Start of AVAILABLE RECORDS
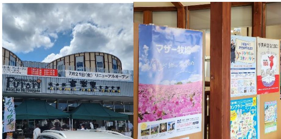
32 南房総市 道の駅リレーイベント 7月21日(金)～23日(日)、11月にも実施予定 富楽里とみやま
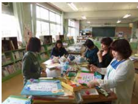
「図書室整備」季節に合った飾りつけ
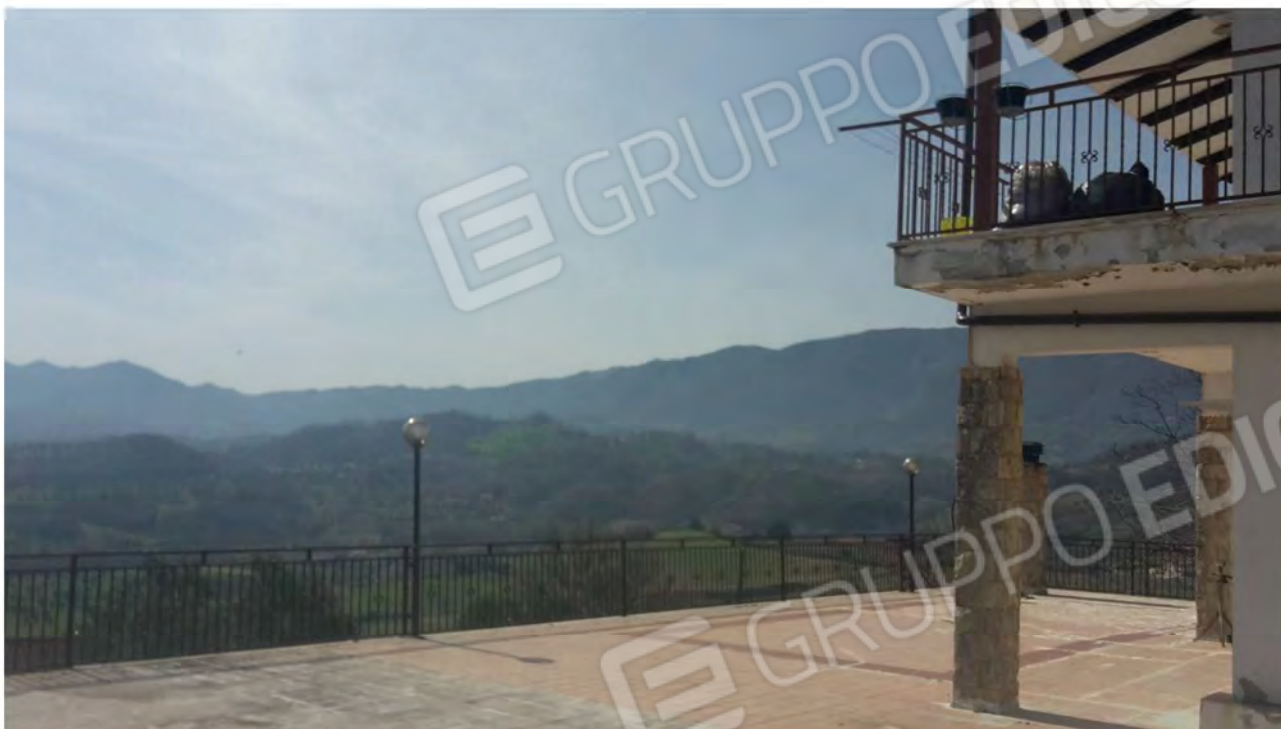
Terrazza-corte sul retro, di propria pertinenza, con vista panoramica sulla vallata
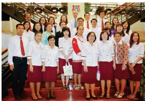
โรงเรียนอัสสัมชัญ ได้รับการรับรอง โรงเรียนเอกชนประเภทสามัญศึกษา ที่มีคุณภาพสู่มาตรฐานสากล ในระดับดีมาก
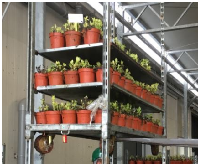
Hele Deense karren stapelen zonder koppelstang.
End of AVAILABLE RECORDS
* [DIRECTIONS FOR THIS TASK]: Repeat each entry precisely as it appears. Leave the pictures out.

* [TASK ANSWER]:
32 南房総市 道の駅リレーイベント 7月21日(金)～23日(日)、11月にも実施予定 富楽里とみやま
「図書室整備」季節に合った飾りつけ
Terrazza-corte sul retro, di propria pertinenza, con vista panoramica sulla vallata
โรงเรียนอัสสัมชัญ ได้รับการรับรอง โรงเรียนเอกชนประเภทสามัญศึกษา ที่มีคุณภาพสู่มาตรฐานสากล ในระดับดีมาก
Hele Deense karren stapelen zonder koppelstang.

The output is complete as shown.